−がん対策協 報道その3

 「がん対策推進基本計画」について検討する「がん対策推進協議会」(会長=垣添忠生日本対がん協会長)の11月19日の会合で、垣添会長の解任を求める「緊急動議」が患者委員から提出された。多数決の結果、会長続投が支持されたものの、垣添会長は辞任する意向を表明。次期計画の取りまとめに向け、この日から本格的な議論に入るはずだった協議会は一時空転、「法定の審議会で前代未聞」(厚生労働省)の事態となった。( 2010年11月19日 19:02 キャリアブレイン )
■「意見が反映されない」不満が噴出
 背景にあるのは、「意見が十分に反映されていない」という委員の不満だ。10月6日の前回会合では、天野慎介会長代理(NPO法人グループ・ネクサス理事長)ら8人が、運営の改善を求める意見書を提出。11月19日の会合では、さらに5人が加わり、20人の委員のうち13人による連名で、改めて垣添会長と鈴木健彦・厚労省がん対策推進室長あてに出された。
 こうした動きを受け、垣添会長はこの日、「協議会の運営や事務局体制のあり方などの問題について共感する」と、会長として改善を求める要望書を外山千也厚労省健康局長にあてて提出。外山局長も冒頭のあいさつで、「がん医療政策の立案過程にがん患者が参加できるようになった意義を重く受け止め、患者の意向が反映されるように精いっぱい、対応していきたい」と応じていた。

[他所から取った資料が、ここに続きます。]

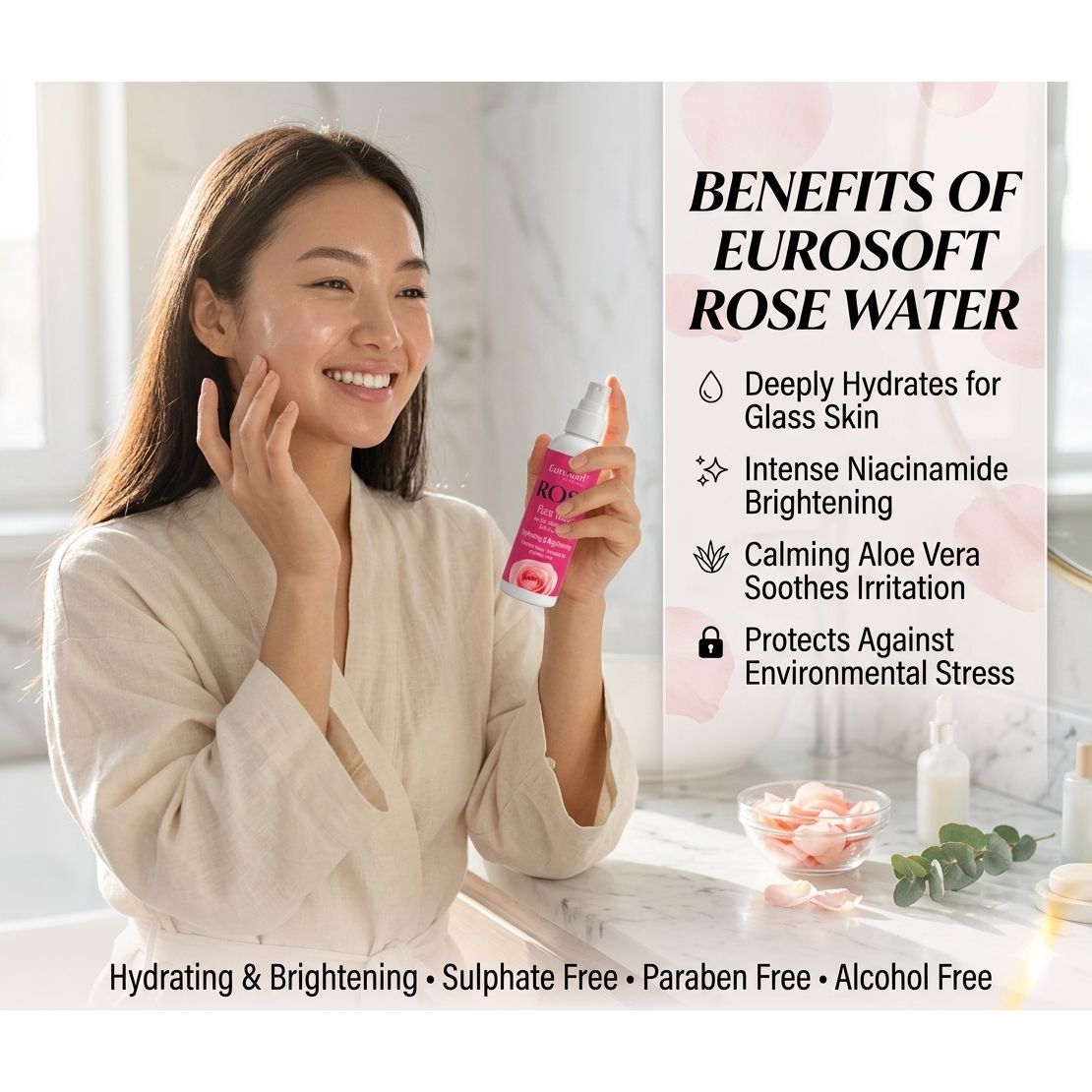 In today’s fast-paced world, skin faces constant exposure to environmental pollutants, dust, and daily makeup, leading to clogged pores, dullness, and irritation. A well-formulated face toner is essential for maintaining clean, hydrated, and balanced skin. EUROSOFT ROSE FACE TONER is a premium skincare solution designed to cleanse, refresh, and rejuvenate your skin naturally. Its unique formulation combines botanical extracts and scientifically backed ingredients to provide deep hydration, gentle cleansing, and soothing care.

 しかし、患者委員の郷内淳子委員(カトレアの森代表)が、垣添会長の「解任動議」を提出した。提出理由は、事務局を含めた協議会の運営手腕に対する疑問だった。前回会合で、協議会のあり方を問われた鈴木がん対策推進室長が「(基本法では)基本計画の策定、変更の際に意見を聞くこととしている。それ以外の業務はない」とした発言に、より包括的ながん対策の議論を求める立場として失望感があったと表明。さらに、運営改善を求める意見書が多くの委員連名で提出されたのを踏まえ、「これまでの進め方では、改善は望めない」「それなりの成果が得られていない場合、(長として)責任を取るという一般的なルールを適用してもよいのではないか」と、協議会トップの責任を断じた。
■「会長解任が良い手段か」
 これに対し、「事務局の責任を、なぜ会長が取らなければならないのか」(保坂シゲリ委員・日本医師会常任理事)、「改善を求める意見は賛成だが、会長解任が良い手段とは思えない」(門田守人委員・阪大副学長)、「『患者委員』もひとくくりにしないで。垣添会長の心痛を察する」(前川育委員・NPO法人周南いのちを考える会代表)など、垣添会長を擁護する発言が相次いだ。
 一方、嘉山孝正委員(国立がん研究センター理事長)は、「この協議会は、今まで(委員として)出た公の協議会の中で最低。不満が出てくるのは当然だ。旧来のお仕着せの会で、生きていない」とした上で、「会長と事務局は別ではない。トップが代われば、全部変わる」と強調した。
 多数決の結果、出席委員のうち進行役の天野会長代理を除く16人中12人が垣添会長の続投に賛成。郷内委員、埴岡健一委員(NPO法人日本医療政策機構理事)は反対した。垣添会長と嘉山委員は棄権した。
垣添氏、辞任の意向強く
 だが、垣添会長は「これだけ重大な提案を頂いたからには、会長を務めていくわけにはいかない。この場で辞任させていただく」とし、委員自体も辞める意向を示した。他の委員や事務局の慰留にも応じず、「これ以上、この会長に座っていても、状況を打開できるとは思えない」とした。会議終了後は、キャリアブレインの取材に対し、「強い衝撃を受けている。しかも患者委員から、あんなことを言われるなんて耐えられない」と語り、足早に会場を後にした。
 ただし、協議会の会長は委員による互選だが、委員の任命権者は厚生労働相。事務局は「この場で辞任を受理するなどできない」と、いったん議論を引き取った。「引き続き、垣添会長に務めていただくよう慰留を続ける」(外山健康局長)考えだ。